Last night, The Wife and I went to see The Violent Femmes. I love the Violent Femmes. Did you know, you can't fuck with the Violent Femmes? You can not fuck with this band. It's true. I heard someone say it once on a recording.

The Violent Femmes: midwestern minimalist music for socially awkward serial killers. I love it.

Tonight, I was gonna write a hopefully charming and witty review. Not so much one of the musical perfomance, I'll leave that for the clamour of the critics. I was gonna write more about the entire show. I wanted to write about being first beside, and then surrounded by a gaggle of Tecate sucking coeds who jabbered incessantly. I wanted to convey with humor my annoyance at the way they stood on either side of us and gestured wildly, thumb tapping on their cell phones and actually text messaging each other about the state of their real and imagined social relationships. Only once did they pause briefly to sing, with neither sense nor understanding of the irony of their actions:
When I'm out walking I strut my stuff yeah I'm so strung out
I'm high as a kite I just might stop to check you out
let me go on
like I blister in the sun
let me go on
big hands I know your the one
body and beats I stain my sheets I don't even know why
my girlfriend she's at the end she is starting to cry
let me go on
like I blister in the sun
let me go on
big hands I know your the one
I was gonna write about all that. But now I'm not. Now, none of it matters. Hell, none of it ever did. It never does. We delude ourselves into giving meaning to the trivial, falsely secure in the the thin comfort of our daily affairs.

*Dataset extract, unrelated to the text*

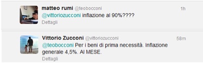 L’arma “fine di mondo” dei bislacchi Stranamore dell’informazione nostrana è sempre quella: l’inflazione! Abbiamo già commentato in questo blog un tentativo non del tutto riuscito di usarla per terrorizzare gli spettatori televisivi. Ma si sa, in televisione puoi dire quello che vuoi, il mezzo non sempre consente di tornare sulle lievi imprecisioni profferite. Nei social media, invece, le cose stanno in modo diverso, e bisogna fare un po’ più attenzione, anche se non tutti l’hanno capito. Un esempio? Gustatevi questo breve riepilogo di una conversazione su Twitter, che credo vi offrirà un sorriso: Vittorio Zucconi, direttore dell’edizione web di uno dei più autorevoli quotidiani nazionali, dimostra di non sapere cosa sia quel tasso di inflazione che però usa come spauracchio per sostenere “la causa dell’Euro”.
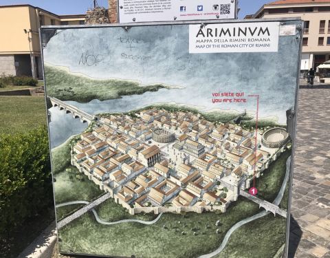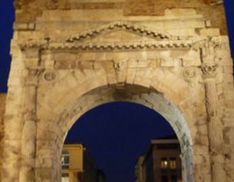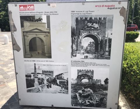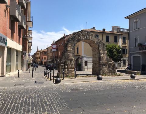 奥古斯拱门,位于里米尼市区弗拉米尼亚大道上,是当地重要的交通要到,古罗马时期在此建造拱门用来防御敌人,拱门保存的很好,拱门上可以看到当年古罗马人的高超建筑工艺

Situations evolve, events spiral.

Instead I myself sitting here, self-medicating myself with a Sprite laced with a double shot of medium grade tequila into a more relaxed mind state. Again and again I listen while Bob Marley repeatedly tells me
Don't worry about a thing, 'cause every little thing's gonna be all right
I have just returned home. I have just left The Boy snuggled in the arms of The Wife a few miles from here.

It's been a bad day.

No, it's nothing really new, no roads untravelled here. All this week The Boy has been putting us all through the paces of his various respiratory issues and ailments. He is quite sick. It happens every once and awhile. It's part of the nature of The Boy.

Today was the exception. The Boy went a little farther down that road than we have been before. It's not a pretty place.

Tonight The Boy and The Wife rest uncomfortably at the local Pediatric Intensive Care Unit.

They are in a small room, cramped with the cold sterility of monitors and machines. The wall shared with the corridor is made entirely of windows.

It is an odd place and disconcerting place.

While there, you will sometimes find that you can no longer look at the frail plugged-in and tuned-out body of The Boy because you will invevitably explode into tears. You need to look briefly away.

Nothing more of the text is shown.